Numeric: tables, counts, measurements
Audiovisual: images, sound recordings, video
Models, computer code
Discipline-specific: FITS in astronomy, CIF in chemistry
Instrument-specific: equipment outputs
How stable is the data?
Data can also be fixed or changing over the course of the project (and perhaps beyond the project's end). Do the data ever change? Do they grow? Is previously recorded data subject to correction? Will you need to keep track of data versions? With respect to time, the common categories of dataset are:
Fixed datasets: never change after being collected or generated
Growing datasets: new data may be added, but the old data is never changed or deleted
Revisable datasets: new data may be added, and old data may be changed or deleted
The answer to this question affects how you organize the data as well as the level of versioning you will need to undertake. Keeping track of rapidly changing datasets can be a challenge so it is imperative that you begin with a plan to carry you through the entire data management process.

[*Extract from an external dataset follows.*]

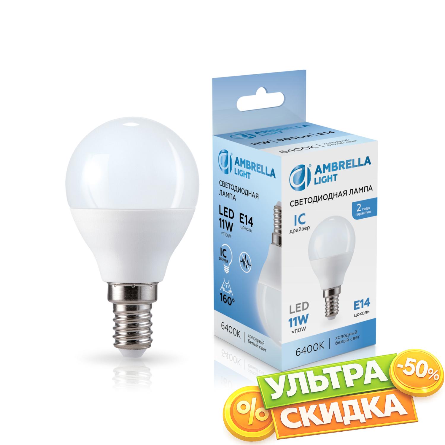 Купить 451116 LED P45 11W IC E14 6400K 175-265V Лампа светодиодная Шар P45 11W 6400K в интернет-магазине ЛюстраНаДом со скидкой и кешбеком. Работаем с НДС, доставляем на дом и в ПВЗ. Продажа Ambrella light 451116 G45 осуществляется с доставкой по Москве и регионам России бесплатно от 5000 р.

How much data will the project produce?
For instance, image data typically requires a lot of storage space, so you'll want to decide whether to retain all your images (and, if not, how you will decide which to discard) and where such large data can be housed. Be sure to know your archiving organization's capacity for storage and backups.
To avoid being under-prepared, estimate the growth rate of your data. Some questions to consider are:
Are you manually collecting and recording data?
Are you using observational instruments and computers to collect data?
Is your data collection highly iterative?
How much data will you accumluate every month or every 90 days?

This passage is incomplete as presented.